### EXTRACTED ENTRIES
--
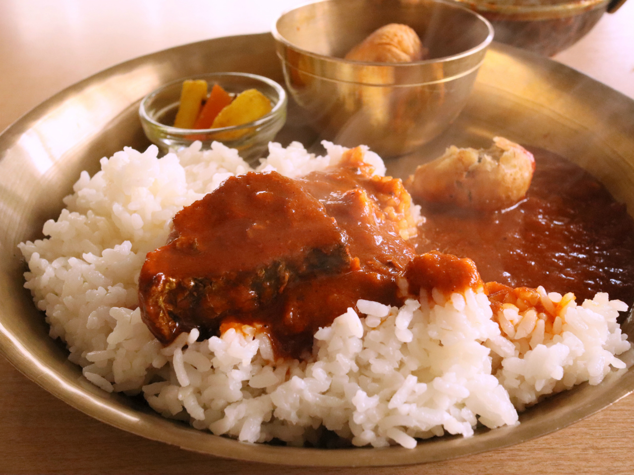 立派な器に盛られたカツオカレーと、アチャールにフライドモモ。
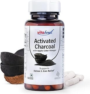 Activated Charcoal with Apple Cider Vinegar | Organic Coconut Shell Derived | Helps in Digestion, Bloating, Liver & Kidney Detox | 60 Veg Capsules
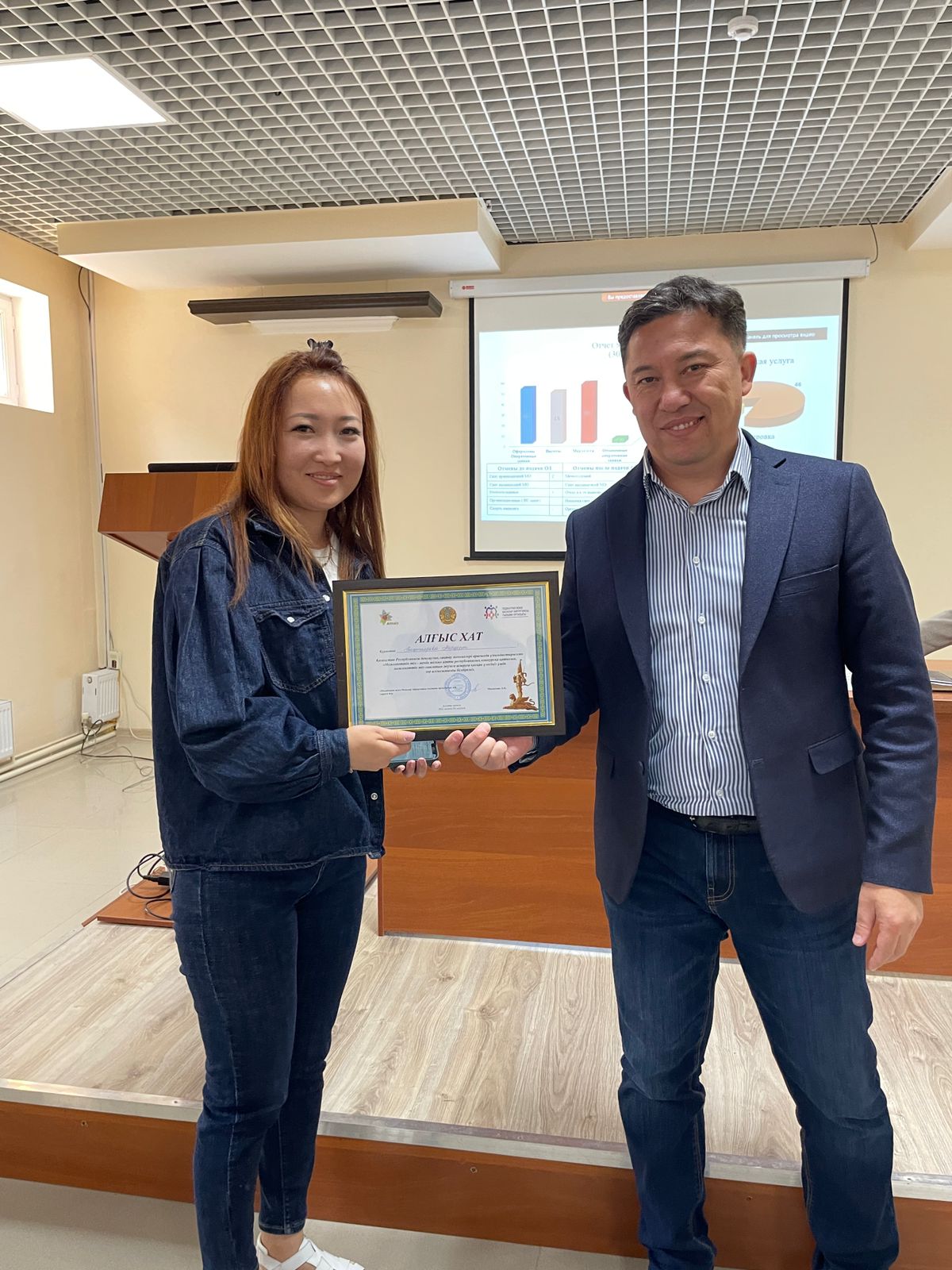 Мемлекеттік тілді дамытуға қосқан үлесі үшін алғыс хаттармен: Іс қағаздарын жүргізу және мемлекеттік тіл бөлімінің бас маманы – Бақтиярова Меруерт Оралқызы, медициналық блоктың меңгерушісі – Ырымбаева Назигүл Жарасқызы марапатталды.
--
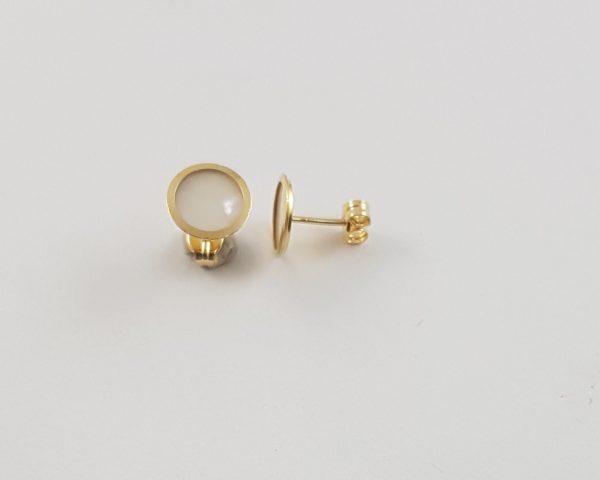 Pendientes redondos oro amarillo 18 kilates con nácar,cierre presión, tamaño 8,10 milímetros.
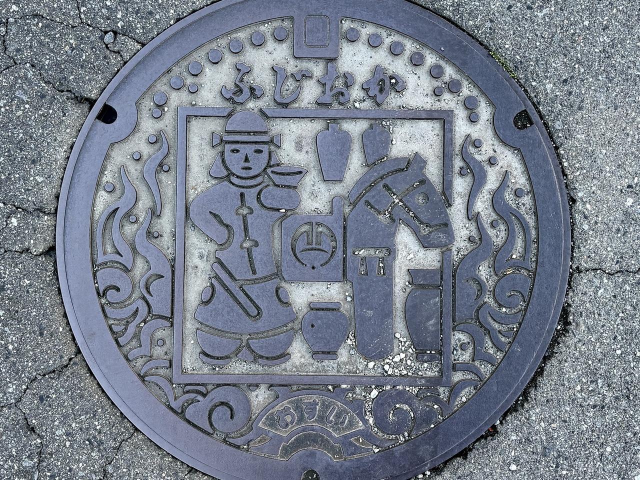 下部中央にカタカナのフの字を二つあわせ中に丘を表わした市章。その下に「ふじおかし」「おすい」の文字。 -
--
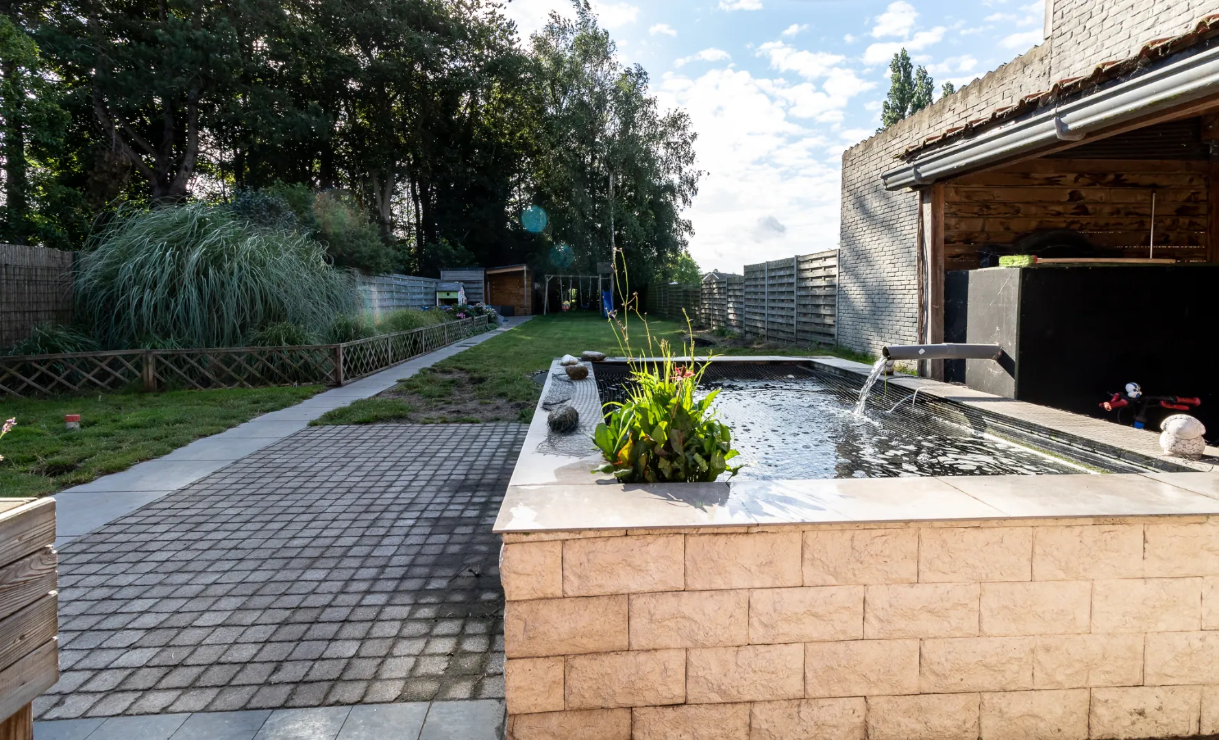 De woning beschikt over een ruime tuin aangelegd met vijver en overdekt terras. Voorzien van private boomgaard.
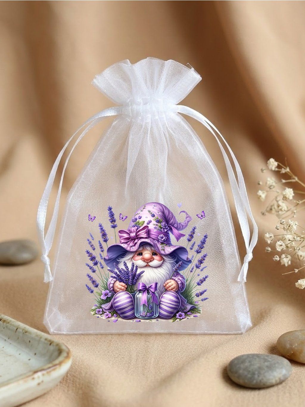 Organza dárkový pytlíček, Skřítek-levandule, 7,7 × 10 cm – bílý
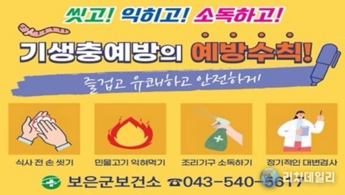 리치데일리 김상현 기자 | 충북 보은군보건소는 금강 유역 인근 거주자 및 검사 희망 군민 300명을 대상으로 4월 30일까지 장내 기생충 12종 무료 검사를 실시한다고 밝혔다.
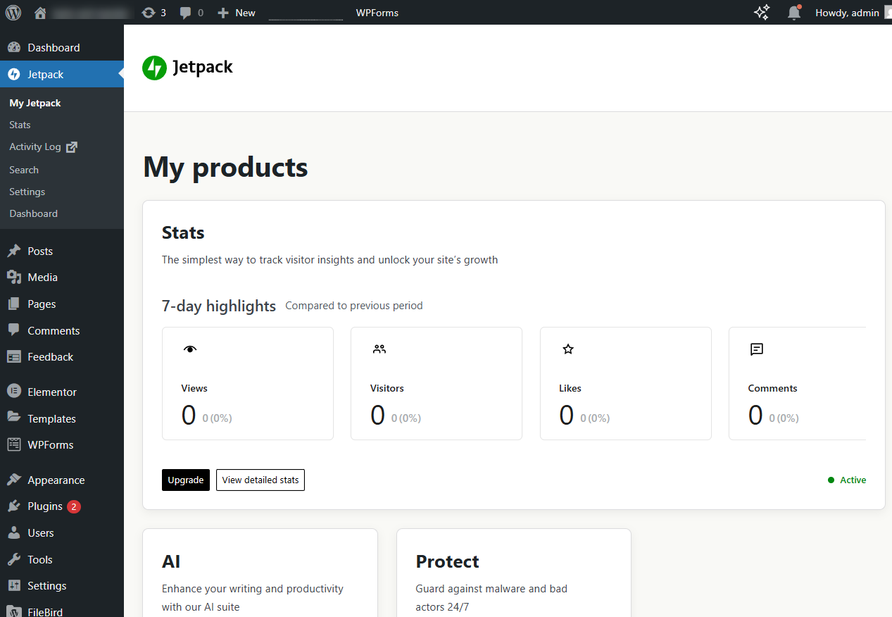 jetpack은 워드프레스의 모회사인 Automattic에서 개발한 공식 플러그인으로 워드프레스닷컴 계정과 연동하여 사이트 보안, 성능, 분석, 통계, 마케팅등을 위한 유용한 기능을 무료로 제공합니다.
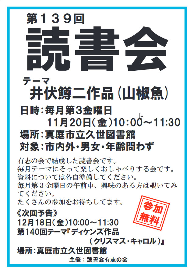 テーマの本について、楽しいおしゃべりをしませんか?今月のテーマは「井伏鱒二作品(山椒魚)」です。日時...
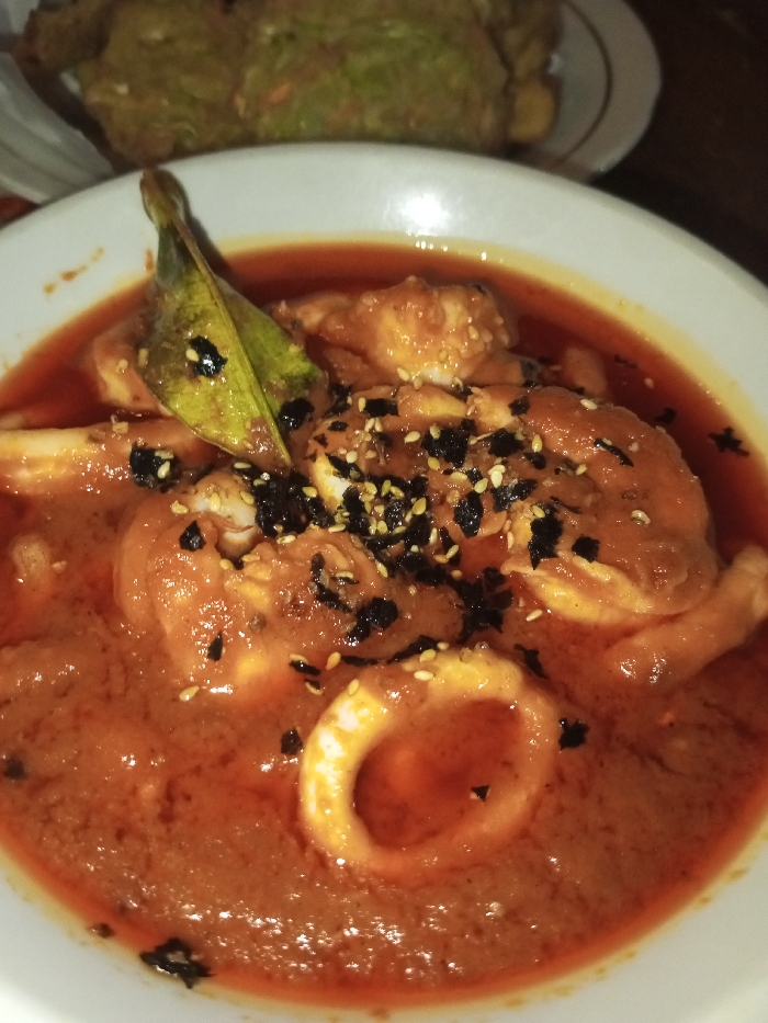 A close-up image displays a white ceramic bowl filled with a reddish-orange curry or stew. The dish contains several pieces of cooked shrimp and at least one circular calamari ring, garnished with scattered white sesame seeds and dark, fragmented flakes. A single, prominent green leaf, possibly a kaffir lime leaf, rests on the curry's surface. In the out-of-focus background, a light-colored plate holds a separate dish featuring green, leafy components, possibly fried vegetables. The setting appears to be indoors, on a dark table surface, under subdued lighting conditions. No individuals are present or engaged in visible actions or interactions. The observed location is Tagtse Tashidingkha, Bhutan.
--
### WHAT YOU WILL DO
Beginning at the line above that contains "立派な器に盛られたカツオカレーと、アチャールにフライドモモ。", repeat each line exactly through the one that contains "Мемлекеттік тілді дамытуға", and leave out the pictures.

### RESPONSE
 立派な器に盛られたカツオカレーと、アチャールにフライドモモ。
 Activated Charcoal with Apple Cider Vinegar | Organic Coconut Shell Derived | Helps in Digestion, Bloating, Liver & Kidney Detox | 60 Veg Capsules
 Мемлекеттік тілді дамытуға қосқан үлесі үшін алғыс хаттармен: Іс қағаздарын жүргізу және мемлекеттік тіл бөлімінің бас маманы – Бақтиярова Меруерт Оралқызы, медициналық блоктың меңгерушісі – Ырымбаева Назигүл Жарасқызы марапатталды.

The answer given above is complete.